Head Of Irish Whiskey Association And Dairy Industry Ireland Director Call For Irish Products That Contain Input From NI To Be Recognised As Still Having EU Origin Status
The head of Ibec's Irish Whiskey Association, William Lavelle, and Dairy Industry Ireland director Conor Mulvihill have called on the Irish government to appeal to the EU to recognise Irish products t...
The head of Ibec's Irish Whiskey Association, William Lavelle, and Dairy Industry Ireland director Conor Mulvihill have called on the Irish government to appeal to the EU to recognise Irish products that contain some level of input from Northern Ireland as still having EU origin status.
As reported by The Irish Times, since the UK left the EU, a range of goods deemed to be produced in the Republic of Ireland lost their EU originating status and, consequently, their access to lower or zero preferential trade tariffs with some markets, and mixed-origin dairy products that are manufactured in the Republic do not have access to EU market support measures anymore.
The goods affected reportedly include some Irish whiskey and dairy products, and said affected Irish whiskey and dairy products are reportedly produced primarily in the Republic, but contain some level of inputs or processing in Northern Ireland.

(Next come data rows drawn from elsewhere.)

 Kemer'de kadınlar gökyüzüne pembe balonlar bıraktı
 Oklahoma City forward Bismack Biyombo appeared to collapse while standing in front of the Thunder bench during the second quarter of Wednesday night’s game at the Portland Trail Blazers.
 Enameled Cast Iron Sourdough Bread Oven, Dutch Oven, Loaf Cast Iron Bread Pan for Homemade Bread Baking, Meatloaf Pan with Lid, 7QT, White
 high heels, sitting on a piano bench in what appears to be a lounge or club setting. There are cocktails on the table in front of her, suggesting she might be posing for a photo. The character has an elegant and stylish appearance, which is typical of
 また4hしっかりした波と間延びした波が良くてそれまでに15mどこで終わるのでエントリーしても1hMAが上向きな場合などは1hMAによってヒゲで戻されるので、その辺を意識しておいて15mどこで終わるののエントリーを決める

According to The Irish Times, said products lost their EU originating status under all EU trade agreements with markets across the globe because the rules of origin in said agreements do not recognise inputs or processing from outside of the EU.

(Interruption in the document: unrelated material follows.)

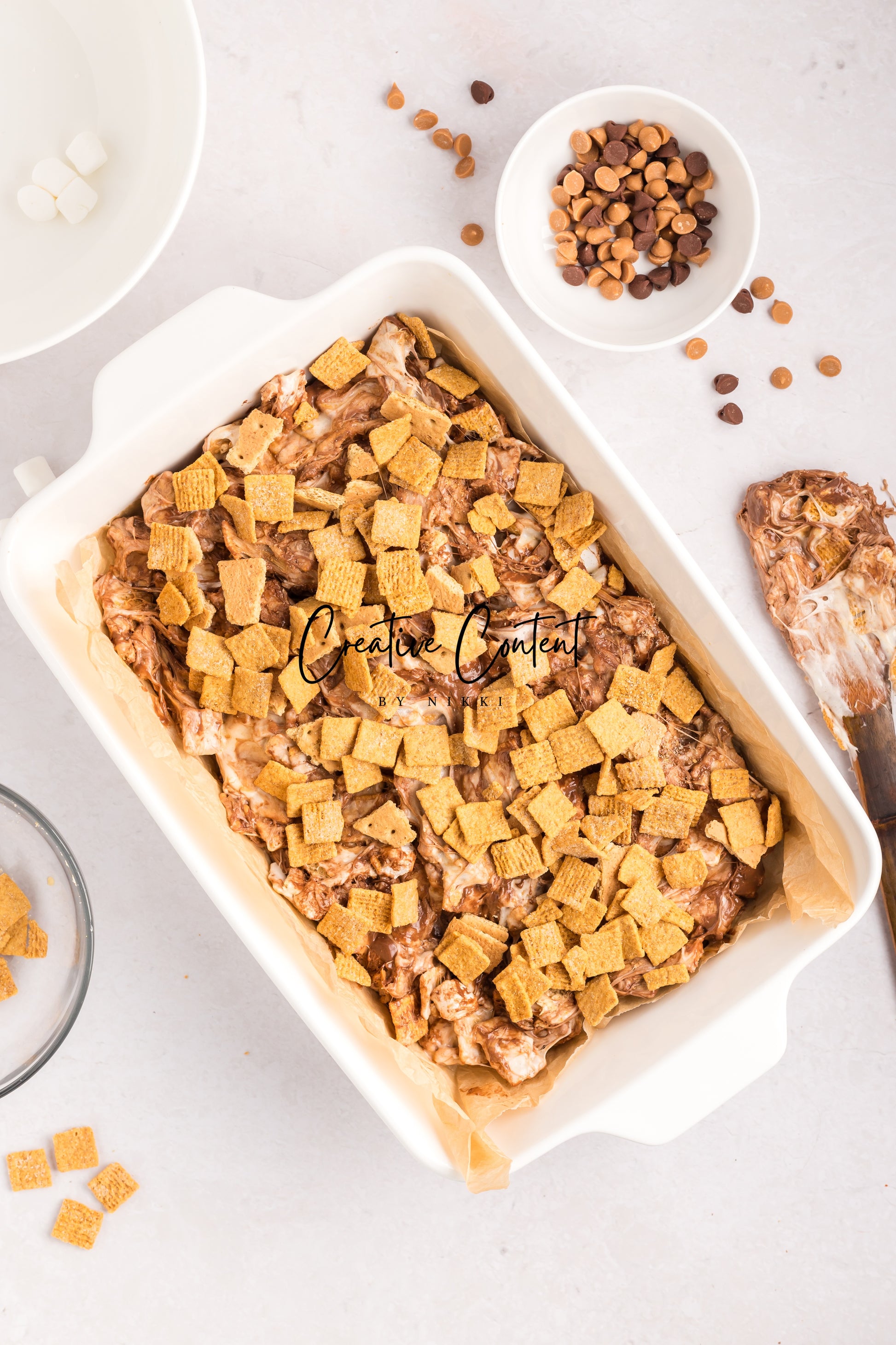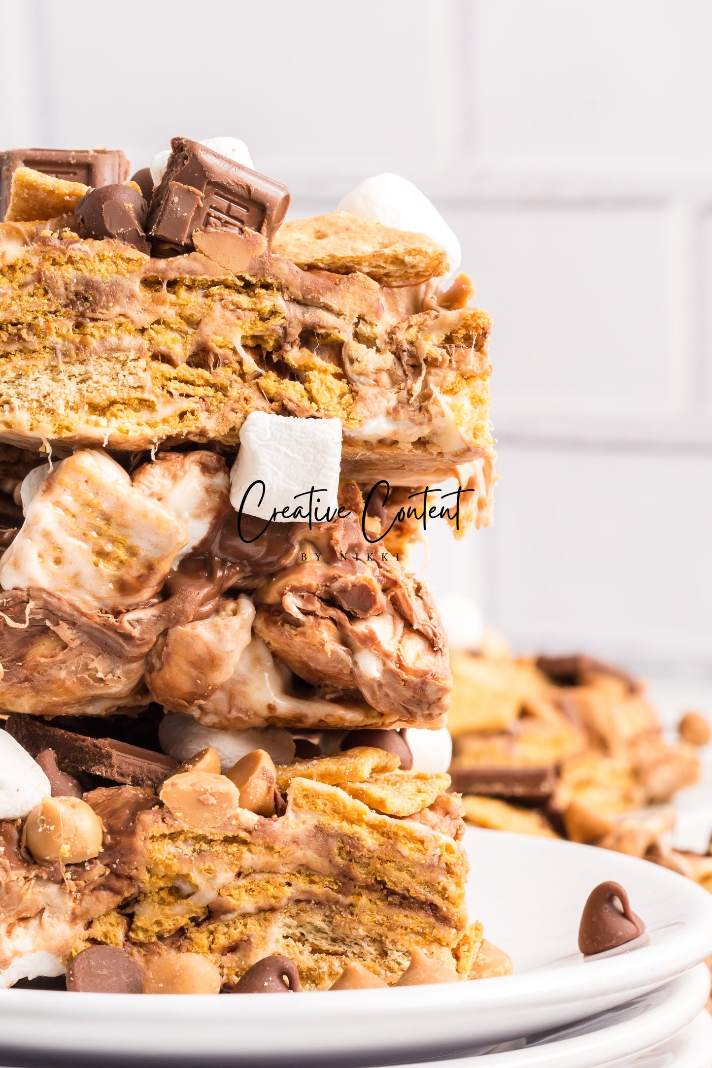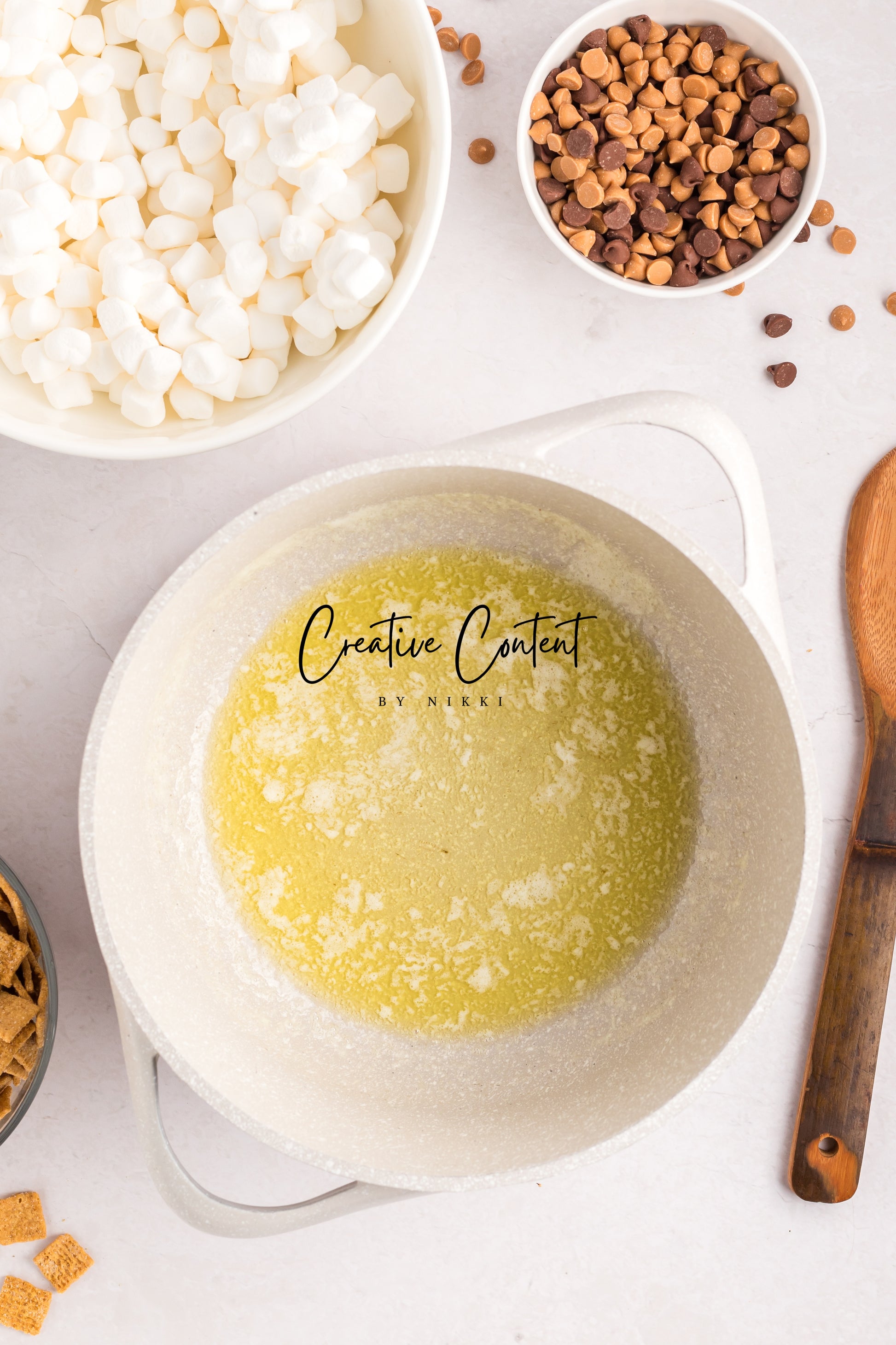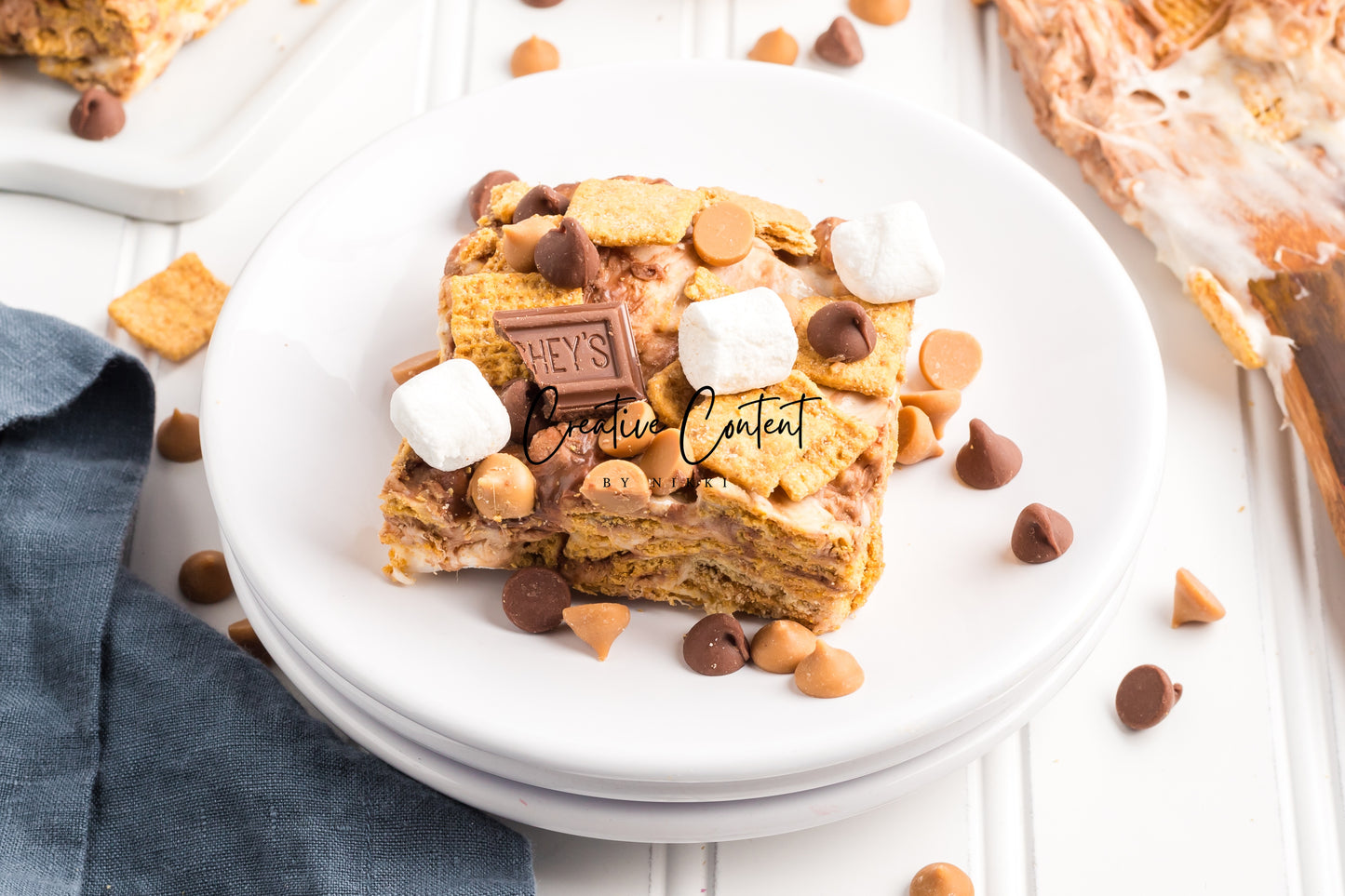 - Featured Ingredients; salted butter, mini marshmallows, Golden Grahams Cereal, graham crackers, Hershey bars, and chocolate and peanut butter chips

The Irish Times quotes Lavelle as saying at a hearing of the Seanad special select committee on Brexit, "Irish whiskey containing Northern Irish inputs or processing have now lost access to zero or reduced tariff provided for EU free trade agreements with a range of markets including South Africa, Switzerland, Serbia, South Korea, Colombia, Vietnam and Botswana.
"As an example, the tariff facing Irish whiskeys deemed to be of EU origin in South Africa is zero while the tariff facing Irish whiskey which have lost their EU originating status is 154 cent a litre. In South Korea, it is zero compared to 20%."
The Irish Times quotes Mulvihill as saying that is "vital" that a solution is found to allow Irish dairy products from the "integrated all-island dairy supply chain" to gain access to existing and future EU free-trade agreements.
Mulvihill reportedly said, "This is an unfair and anomalous situation since milk and products produced in Northern Ireland must adhere to EU standards, with free movement being facilitated under the Ireland/Northern Ireland Protocol
"The failure to designate these mixed origin dairy products manufactured in Ireland as EU is causing difficulties."
Mulvihill reportedly also said that segregation of milk "has never been needed and would be extremely difficult for dairy and specialised nutrition companies to achieve".
Mulvhill reportedly added that the matter is "further complicated" by the fact that there is insufficient processing capacity in Northern Ireland to handle all of the milk that is produced there.
Additional Lavelle And Mulvihill Statements
Lavelle and Mulvihill, who were reportedly joined by Dairy Council for Northern Ireland chief executive Dr Mike Johnston at the hearing of the Seanad special select committee on Brexit, reportedly said that they do not want the EU to renegotiate trade agreements, but to instead consider new rules of origin that protect cross-border supply chains on the island of Ireland.
The Irish Times quotes them as saying, "We are calling on the Irish government to continue to champion the need to reform rules of origin and territoriality rules in international trade to protect and facilitate cross-border supply chains on the island of Ireland."